Guest post by Nathan Arizona
We’ve heard a whole lot about Amy Winehouse’s troubled behavior before she died of alcohol poisoning in 2011 at age 27. It sounds like we learn more than we need to about her personal relationships in the new biographical movie “Back to Black.”
But you know what would good to hear more about? Her status as one of the great pop and even jazz vocalists of her time.
She never made a pure jazz album — file her under pop. But jazz influenced everything she sang. She was a jazz singer’s daughter who performed relentlessly around the house as a child singing that and pretty much every other kind music. She cited the great jazz singer Dinah Washington as her biggest influence. Late in her brief career she sang duets with Tony Bennett.
“Winehouse certainly had technique to spare,” wrote prominent jazz critic Ted Gioia. “She could bend notes with perfect control, but also hit them cleanly when the context requires it.” She reminded him of Billie Holiday “and I pretty much never hand out compliments like that.”
Her first album, “Frank,” approached pure jazz. Her second – and only other – album, “Back to Black,” was more clearly pop and it soared up the pop charts. But jazz touches remained, as did the influence of soul and ’60s girl groups, to which her beehive hairdo paid homage.
The “Back to Black” album made her a star. It was produced by Mark Ronson, a prodigious hitmaker at the time.
Amy was arguably the best of the many young female pop singers around then. She was eccentrically attractive, but not really one of the so-called “pop-tarts.” Temptations to addiction followed her success and they killed her, but she usually seemed a good soul while it was happening. Her’s was one of the saddest
celebrity deaths. Maybe if she had gone back ro rehab . . . .
“Love Is a Losing Game” was a hit from “Back to Black.” She wrote the song, which is basically about feeling sad that boyfriend Blake Fielder-Civil had left her. He soon returned and they even got married, but that didn’t turn out well either. Consider him one of those English bounders.
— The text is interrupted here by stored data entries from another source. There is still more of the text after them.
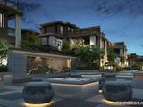 整体效果现代精致,十分符合当下年轻人的审美观;星级酒店式入户门,挑高约7米,宽约60米;石材金属线条背景墙加暖色系夜灯搭配,中庭花园水岛层叠、景墙错落,槭树青红间季节流转的温情脉脉展现,精致的水景让居住者仿若初入剧宴,感受剧目的艺术呈现……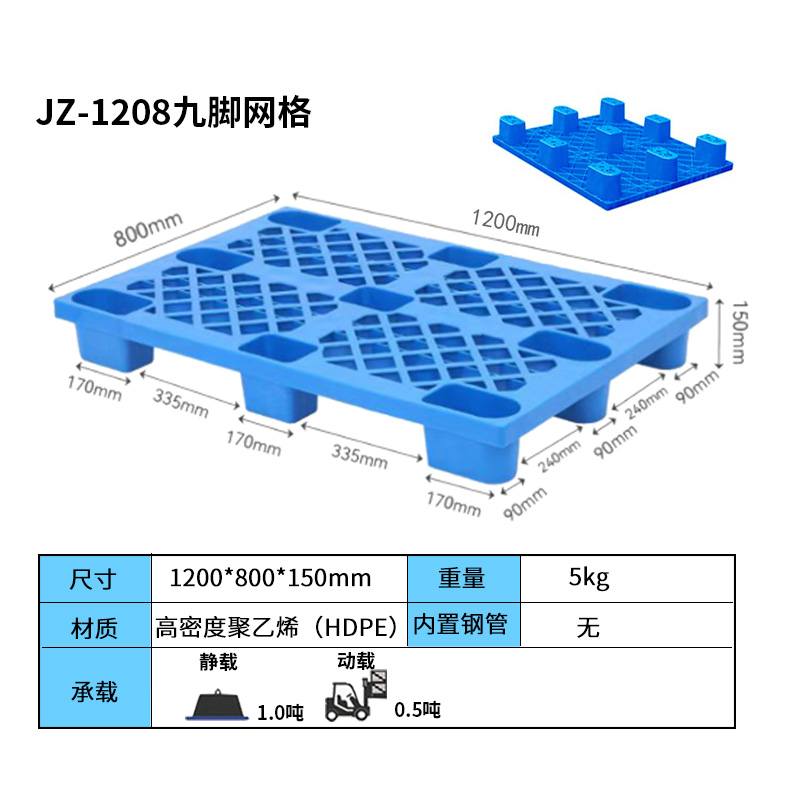 九脚网格塑料托盘的九脚网格托盘其底部是有‘九个腿’组成的,表面为‘网格’状,顾行业为方便称其为九脚网格托盘,九脚网格托盘大多型号的都为轻型的塑料托盘,不易用于上货架或者较重货物的周转使用,大多情况下九脚网格塑料托盘都是用来仓库货物垫仓板防潮使用,对于轻型货物的周转也可。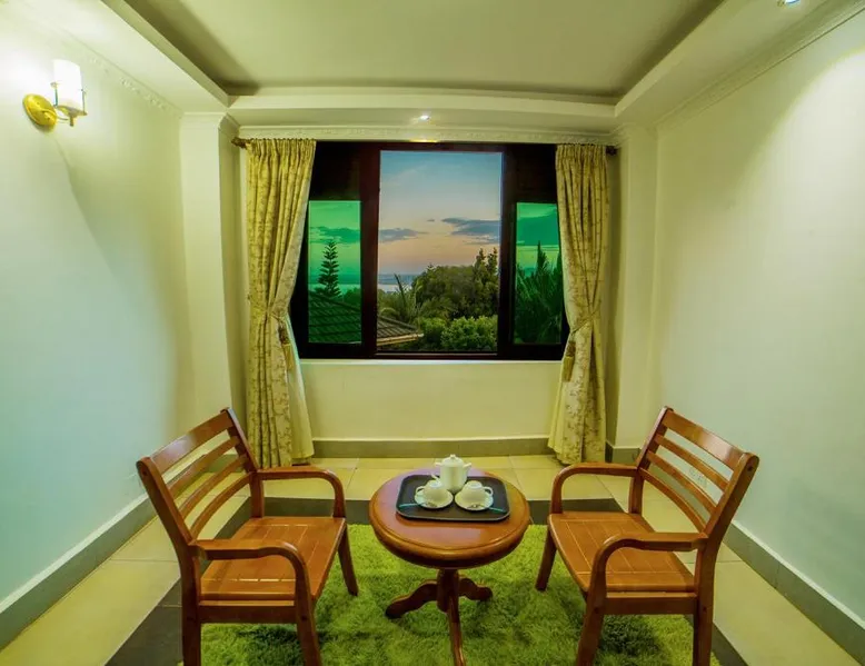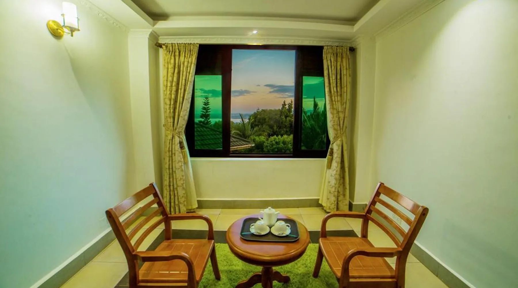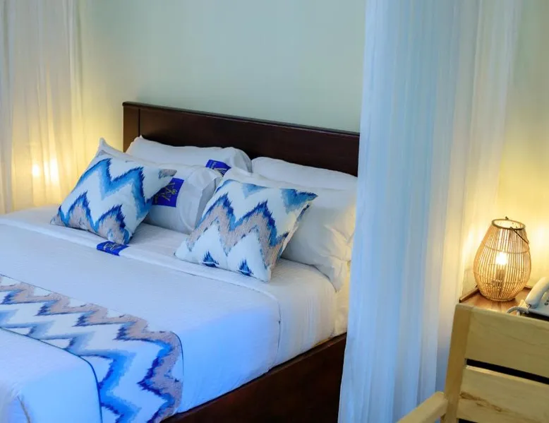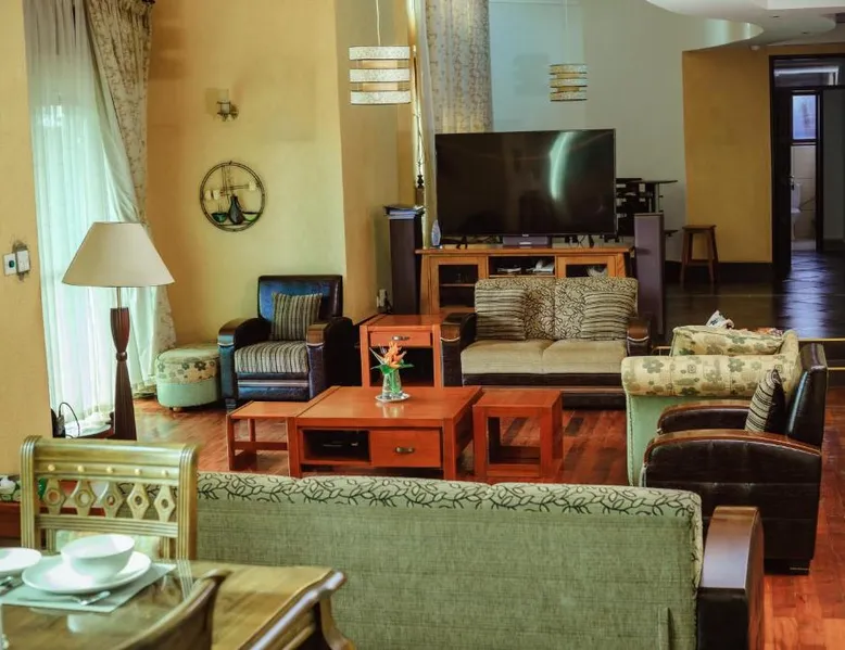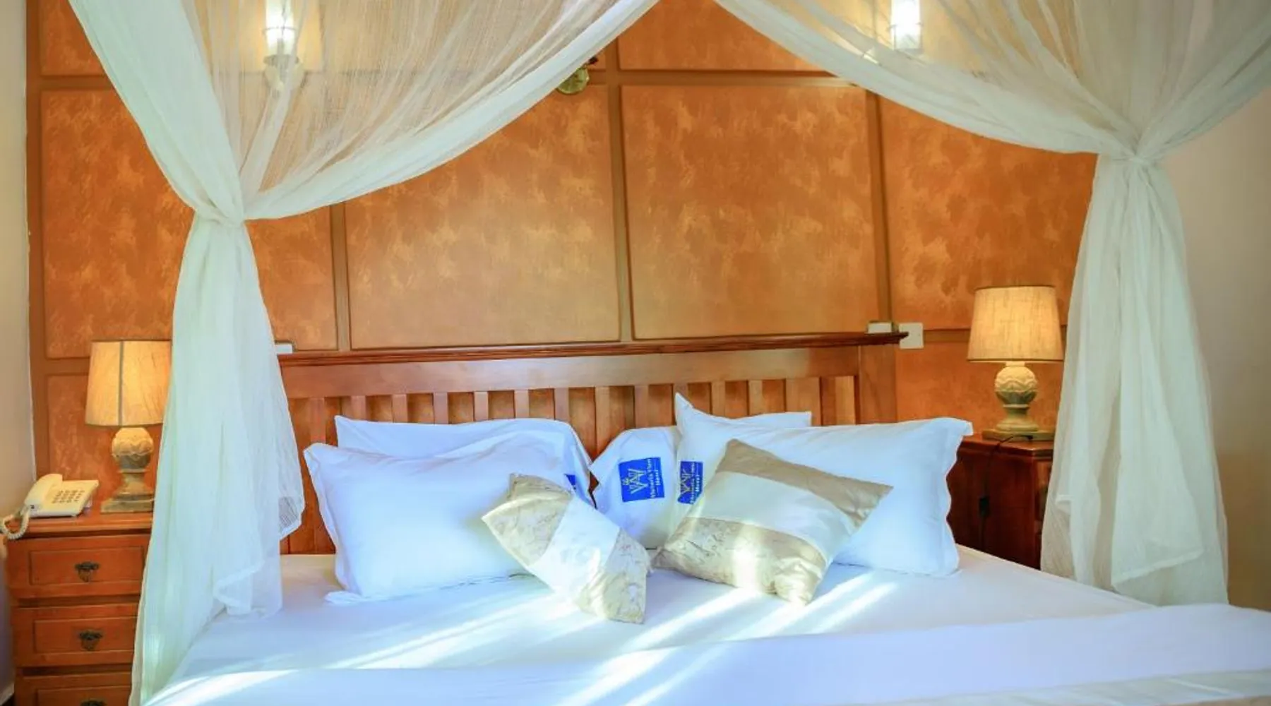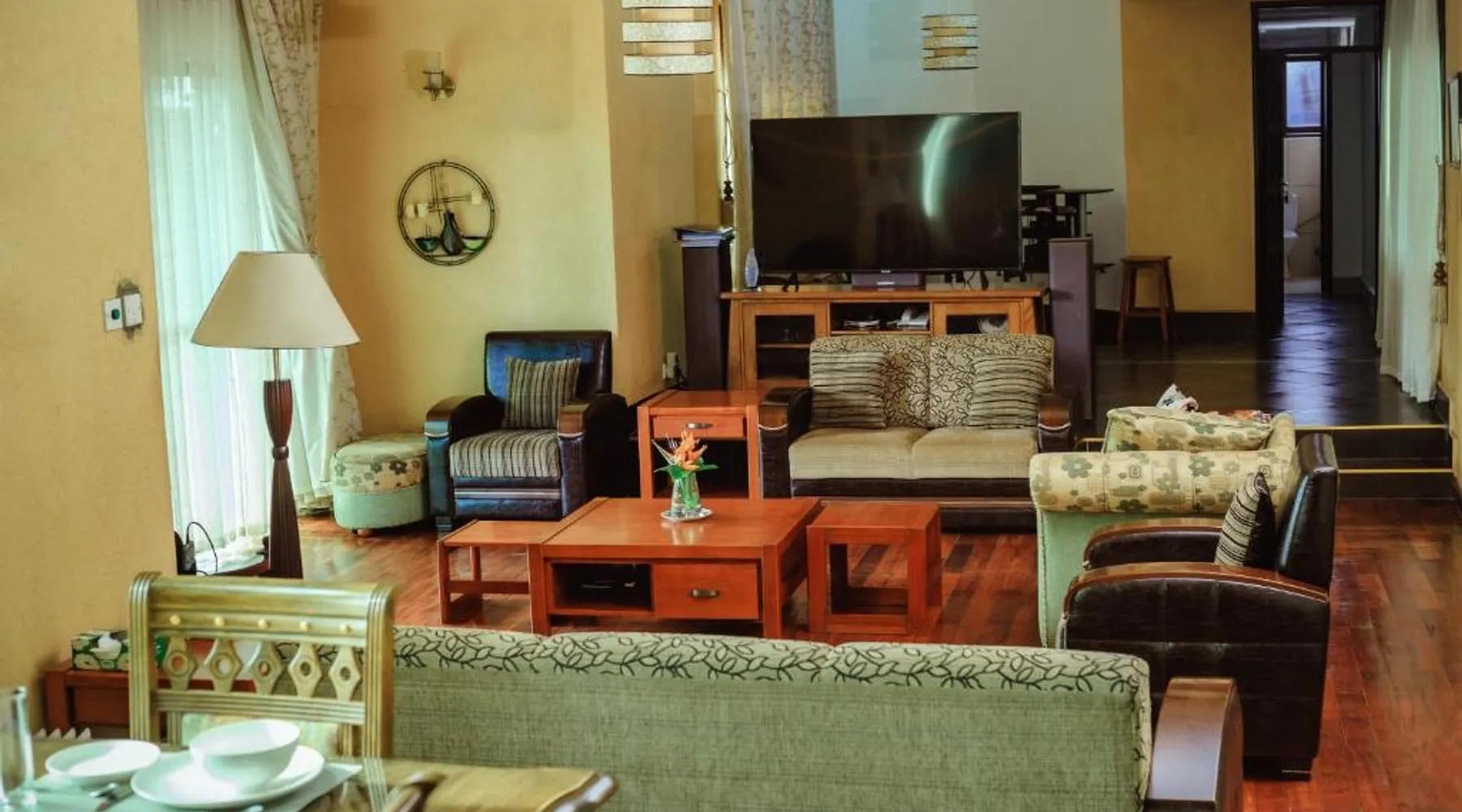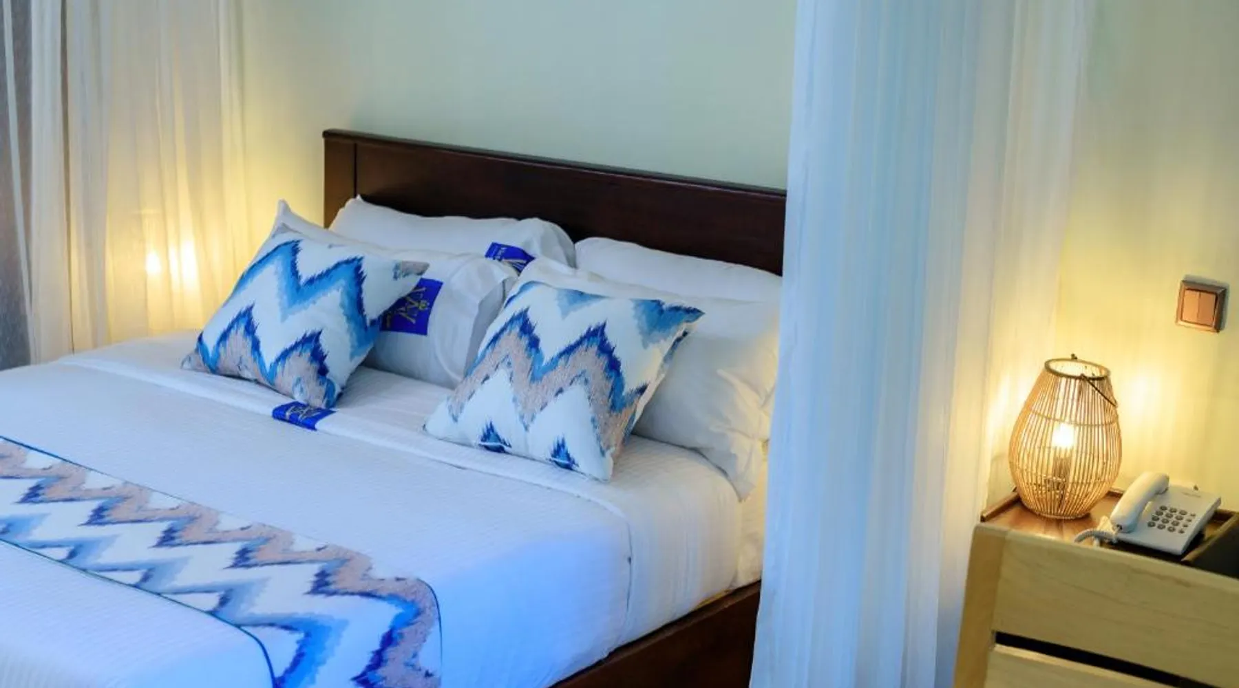Comfortable Accommodations: Victoria View Boutique Hotels Kigo in Entebbe offers family rooms with private bathrooms, terraces, balconies, and garden or pool views. Each room includes a kitchenette, work desk, and free WiFi. Exceptional Facilities: Guests enjoy a sauna, sun terrace, indoor swimming pool, and free airport shuttle service. Additional amenities include a restaurant, bar, and outdoor seating area. Dining Experience: The family-friendly restaurant serves African cuisine in a modern and romantic ambiance. Breakfast is continental, and room service is available. Prime Location: Located 17 mi from Entebbe International Airport, the hotel is near attractions such as Pope Paul Memorial and Kabaka's Palace. Free on-site parking and a tour desk enhance the stay. This suite features a sauna. Boasting a private entrance, this suite features 1 living room, 1 separate bedroom and 1 bathroom with a bath and a shower. Featuring a terrace with lake views, this suite also features soundproof walls and a TV with satellite channels. The unit has 2 beds.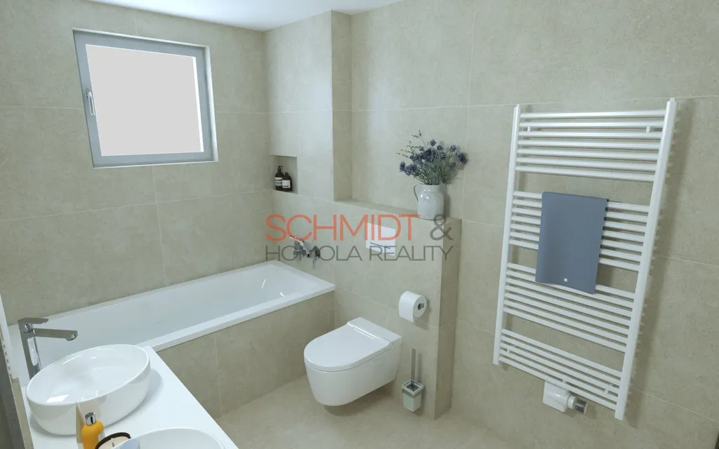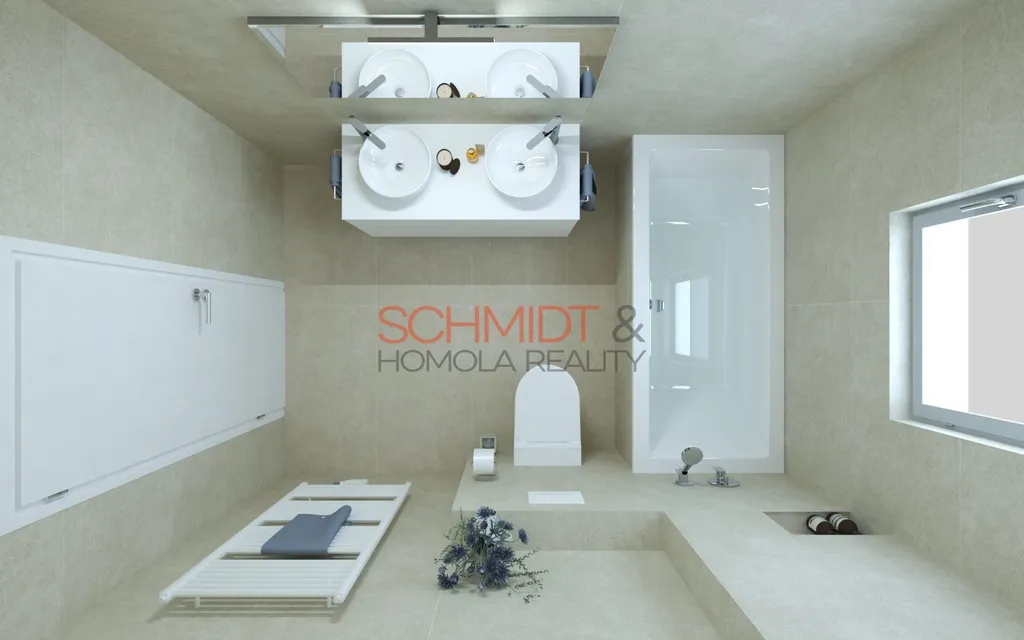 Jak na stavbě samotné, tak také v interiéru, všude jsou využívány kvalitní materiály (sanitární výrobky GROHE, Geberit...). Součástí domu jsou hotové vinylové podlahy, dveře a zařizovací předměty v koupelnách a wc.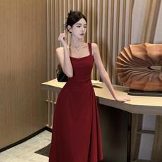 红色方领吊带连衣裙新款夏季收腰显瘦日常可穿敬酒服订婚红裙子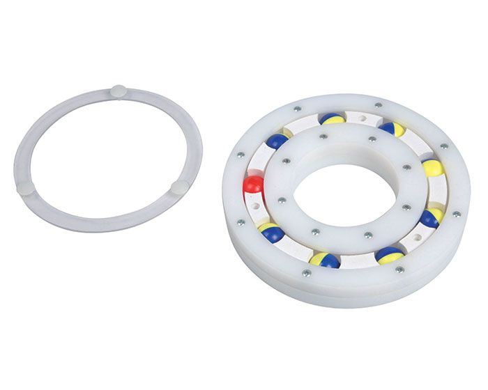 Maquette expérimentale robuste et précise, dotée de billes bicolores légères à monter, démonter et faire tourner pour comprendre le fonctionnement d'un roulement à billes.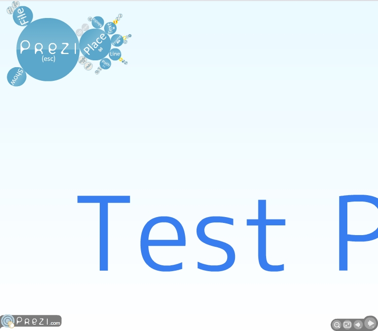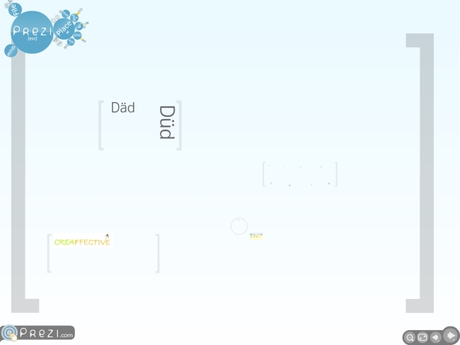 Prezi geht einen ganz anderen Weg, einen nicht-linearen Weg: Bei Prezi ist die gesamte Präsentation auf einer großen weißen Fläche angeordnet. Der Nutzer wird durch einen vom Ersteller der Präsentation vordefinierten Pfad durch Elemente auf der weißen Fläche geführt, wobei das jeweilige Element dann vergrößert dargestellt wird. Gleichzeitig ist es aber auch möglich den Vergrößerungsfaktor zu verändern und so weitere oder sogar alle Elemente auf der Leinwand zu sehen (siehe Bild 1). Mit einem Klick auf ein beliebiges Objekt wird dies fokussiert und vergrößert. Es entstehen Zooming-Presentations.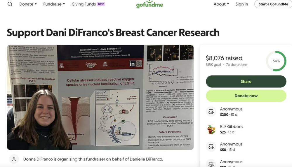 亞利桑那大學乳腺癌研究實驗室的分子和細胞生物學教授Joyce A. Schroeder和博士生Danielle DiFranco,今年5月也在 GoFundMe 發起了眾籌活動,目前已籌集到 6500 多美元。DiFranco表示,這筆錢可以用來購買實驗室每週使用的相對便宜的耗材,實驗室得以維持幾個月的運轉。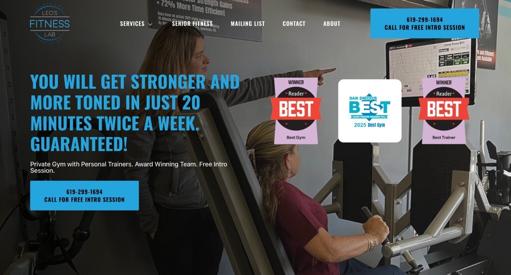 This example was a great way to start out our collection of personal trainers because of their bright colors used throughout the page. Along with that, we really liked how this company used bold fonts to grab the attention of viewers. Adding in these interesting geometric patterns was another thing that would for sure stand out to viewers.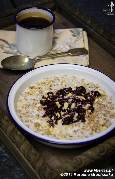 A jak wykonać smaczną owsiankę? Ja jestem zwolenniczką dorodnych, lekko spłaszczonych płatków owsianych, a nie owsianek błyskawicznych – co więcej, skłonna jestem uważać, że Ci, którzy nie lubią owsianki, próbowali tylko tej błyskawicznej. Tymczasem owsianka z dorodnych, nisko przetworzonych płatków owsianych czy orkiszowych (mój absolutny faworyt!) to żadna tam papka! No i syci na dłużej. Klasyczna owsianka przygotowywana jest z mieszanki płatków (1 część) i mleka lub/i wody (3 części), plus obowiązkowej szczypty soli – bez niej owsianka jest płaska w smaku. Dodatki wedle uznania: świeże lub suszone owoce, konfitury, sosy owocowe, miód, masło, cukier, bakalie, orzechy, a nawet kawałki czekolady. Podkręcić można ją przyprawami: imbirem, cynamonem, kardamonem, gałką muszkatołową. Ogranicza nas tylko nasza wyobraźnia. Ja dałam się swojej ponieść – przygotowałam owsiankę orkiszową na mleku kokosowym z korzennym sosem ze świeżych żurawin.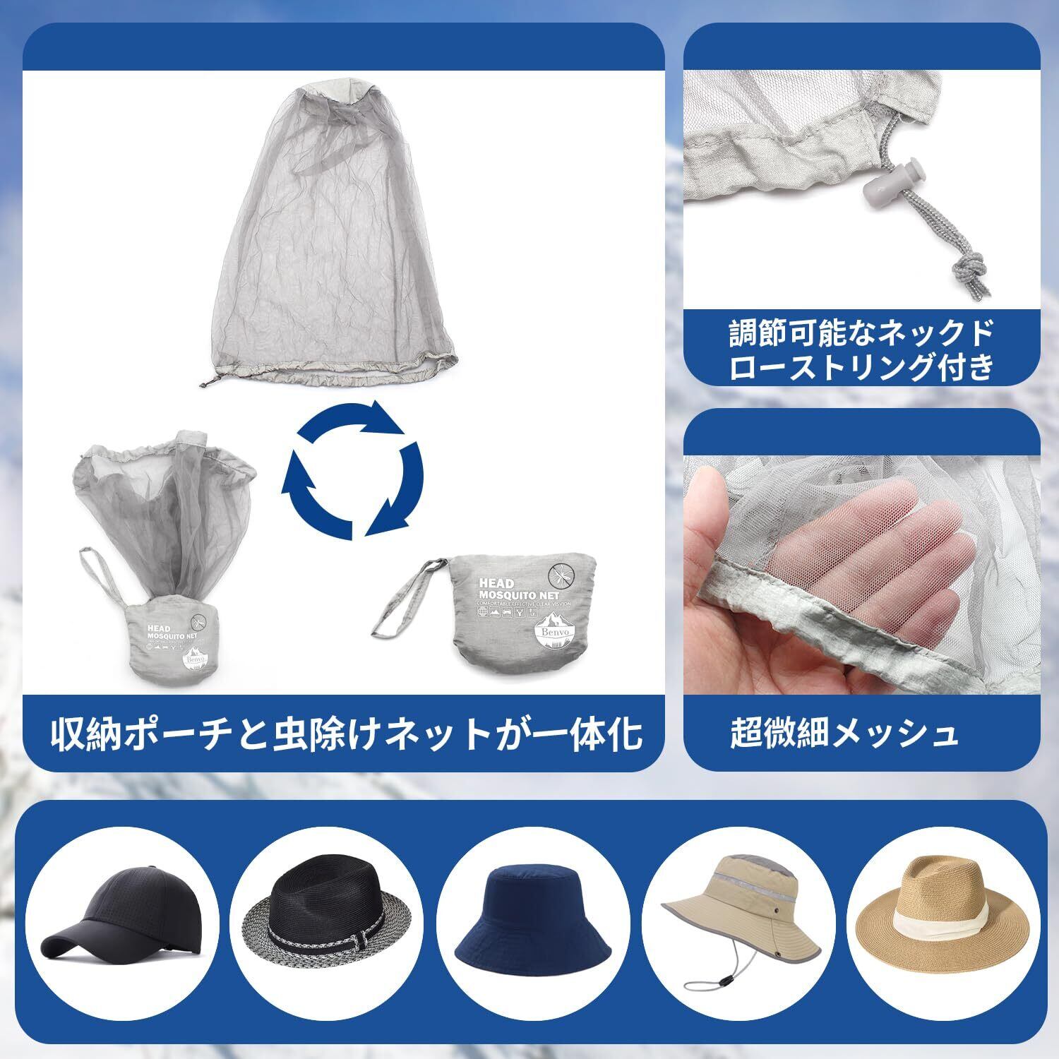 虫除けネットで快適なアウトドアを:防虫仕様のヘッドネットが顔・首・耳を完全保護して、ハイキングや釣り、散歩中でも虫の侵入をシャットアウト!快適なアウトドア体験を最後までお楽しみいただけます。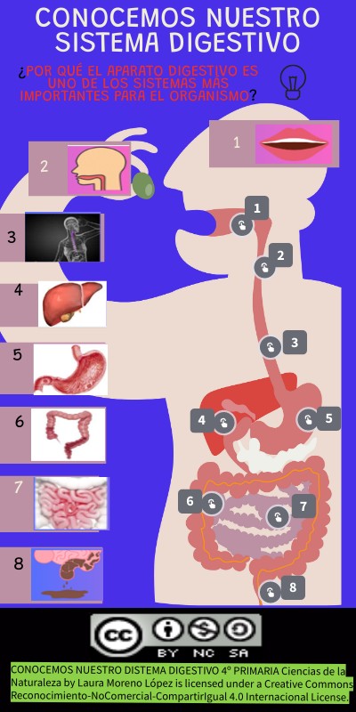 CONOCEMOS NUESTRO DISTEMA DIGESTIVO 4º PRIMARIA Ciencias de la Naturaleza by Laura Moreno López is licensed under a Creative Commons Reconocimiento-NoComercial-CompartirIgual 4.0 Internacional License.

This was the first song Ronson mixed for the album, and he fretted about how Amy would respond. “She had her head down on the mixing board, so I couldn’t gauge her reaction, thinking if she doesn’t like it we’re pretty fucked. At the end of it she looks up and walks over, extends her arms and gives me a huge hug. ‘I love it. Just take the harp off after the second verse. It sounds like some Maria Carey bullshit.’ ”
This acoustic performance of “Love Is a Losing Game” on an Irish TV show really shines a light on her vocals.
She shows her range in this concert performance of the rock song “Valerie,” which had been a hit for the British indie group the Zutons.
There’s a moody girl group feel to this official video of the title track from “Back to Black.” Shangri-Las?